Exist 9742 unique films with 610 unique users rated these films.


In [8]:
rated_films_differences = len(set(movies.movieId.unique()) - set(user_item.columns))

print('Users did not rate {x} films, so we will delete it from user-item matrix,\
 because we will have column with only NaNs.'.format(x=rated_films_differences))

print('Each user ranked only a few films at all, so our matrix will have a lot of NaNs. User-item matrix has {x} \
dimension, hence {y} overall ratings. But {z} of them are empty, so we have {t:.1f}% existed ratings.'
      .format(x=user_item.shape,
              y=user_item.shape[0] * user_item.shape[1],
              z=user_item.isna().sum().sum(),
              t=100 * (1 - user_item.isna().sum().sum() / (user_item.shape[0] * user_item.shape[1]))))

Users did not rate 18 films, so we will delete it from user-item matrix, because we will have column with only NaNs.
Each user ranked only a few films at all, so our matrix will have a lot of NaNs. User-item matrix has (610, 9724) dimension, hence 5931640 overall ratings.

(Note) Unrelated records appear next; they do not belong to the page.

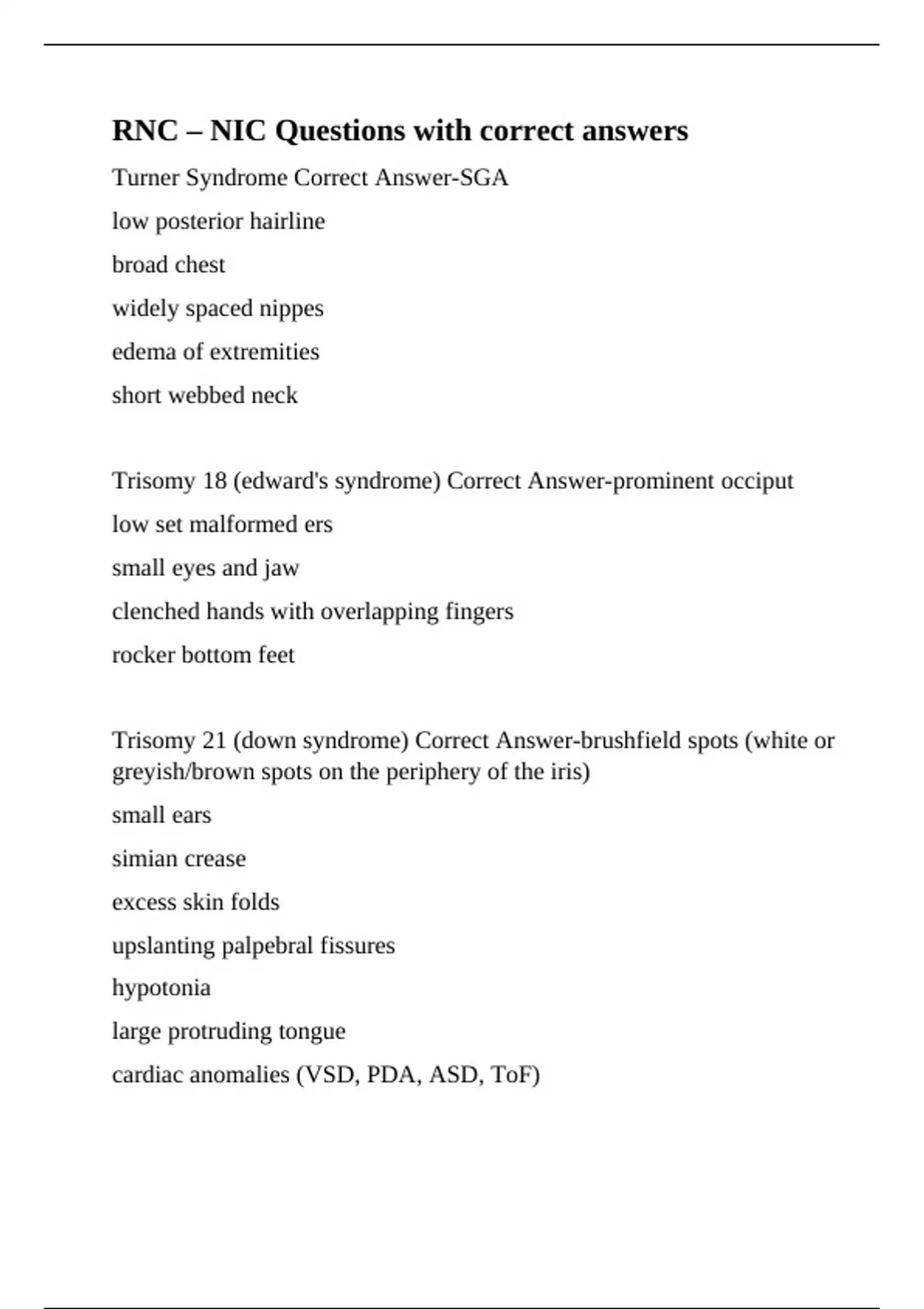 Trisomy 18 (edward's syndrome) Correct Answer-prominent occiput
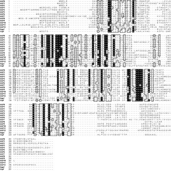 Figure 3. Sequence alignment of human Aquaporins. Clustal alignment of human aquaporins and E. coli AqpZ and GlpF proteins. Identical residues are highlighted in black, residues with at least 70% similarity are boxed.
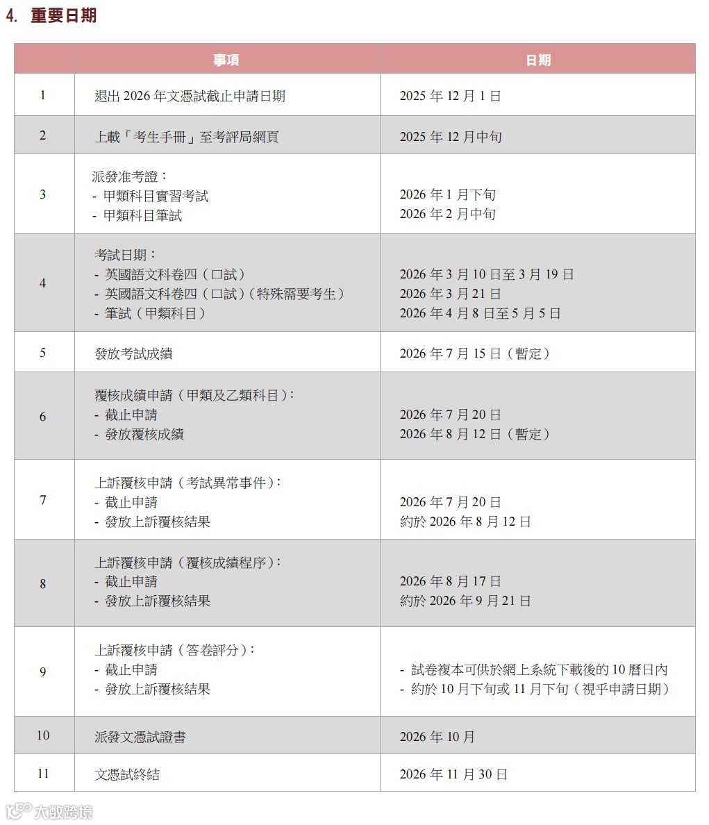 小编为大家汇总了本次《考生手册》重点资讯和重要时间表,参加26年DSE大考的考生可收藏起来!
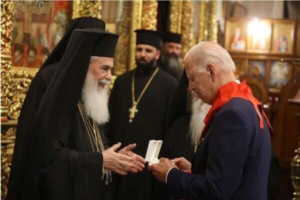 "חברי עמותות ציוניות קיצוניות מנסים להשתלט על רכוש ונכסים בשער יפו בירושלים, ברובע הנוצרי ובאזור כנסיית הקבר, במערכה מכוערת שהם מנהלים נגד הנוכחות הנוצרית בעיר", אמר הפטריארך לביידן תוך שהוא מסביר לו על סכנת ההגירה של הנוצרים מירושלים. "שמירה על המצב הקיים היא בראש סדר העדיפויות של הכנסיות, כשם שצריך לשמור על האפוטרופסות של הממלכה ההאשמית (ממלכת ירדן, דב"ש) במקומות הקדושים בעיר".
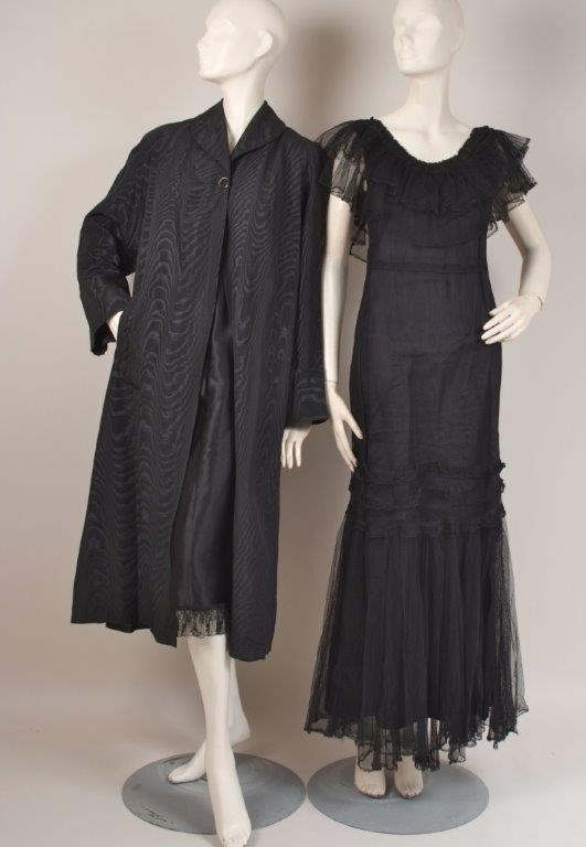 A 1930's black net evening dress Bust 34" x 28" Waist x 54" Length (small repair in front at waist, 5 pence size hole on bottom and two more small holes on bottom net tier). Long silk taffeta coat with single button 48" Length and satin/silk lace trimmed slip. (3)
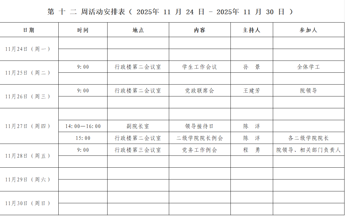 第 十二 周活动安排表( 2025年 11 月 24 日 - 2025年 11 月 30 日 )
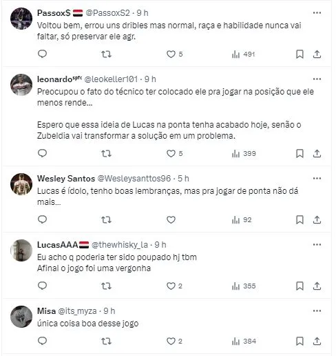 O duelo marcou o retorno de Lucas Moura, que ficou pouco mais que um mês afastado por lesão. Foi a primeira vez que o atacante foi acionado pelo técnico Luis Zubeldía e a situação do ídolo deve sofrer modificações.
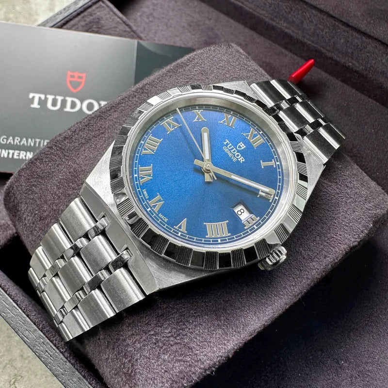 he Tudor Royal reference 28500 is a stunning embodiment of elegance and timeless craftsmanship. This exceptional wristwatch showcases a distinctive blue dial, beautifully adorned with Roman numeral markers that exude refined sophistication.

But 5830804 of them are empty, so we have 1.7% existed ratings.


### SVD

In [9]:
class VanillaSVD(AlgoBase):

    def __init__(self, n_factors=10, n_epochs=10, lr=4e-3, reg_size=0.1):
        AlgoBase.__init__(self)
        
        self.n_factors = n_factors
        self.n_epochs = n_epochs
        self.lr = lr
        self.reg_size = reg_size
        
    def fit(self, trainset):
        
        AlgoBase.fit(self, trainset)
        self.sgd(trainset)

        return self
        
    def sgd(self, trainset):
        
        self.trainset = trainset
        
        self.p = np.random.normal(0.0, 0.1, (self.trainset.n_users, self.n_factors))
        self.q = np.random.normal(0.0, 0.1, (self.trainset.n_items, self.n_factors))
        
        self.n_ratings = self.trainset.n_ratings
        
        for current_epoch in tqdm(range(self.n_epochs)):
            
            for u, i, r in self.trainset.all_ratings():
                
                error = r - self.p[u].dot(self.q[i])
                    
                self.p[u] += self.lr * (error * self.q[i] - self.reg_size * self.p[u])
                self.q[i] += self.lr * (error * self.p[u] - self.reg_size * self.q[i])
                    
    def estimate(self, u, i):
    
        known_user = self.trainset.knows_user(u)
        known_item = self.trainset.knows_item(i)
        
        if known_user and known_item:
            return np.dot(self.p[u], self.q[i])
        else:
            raise PredictionImpossible('User or item are unknown')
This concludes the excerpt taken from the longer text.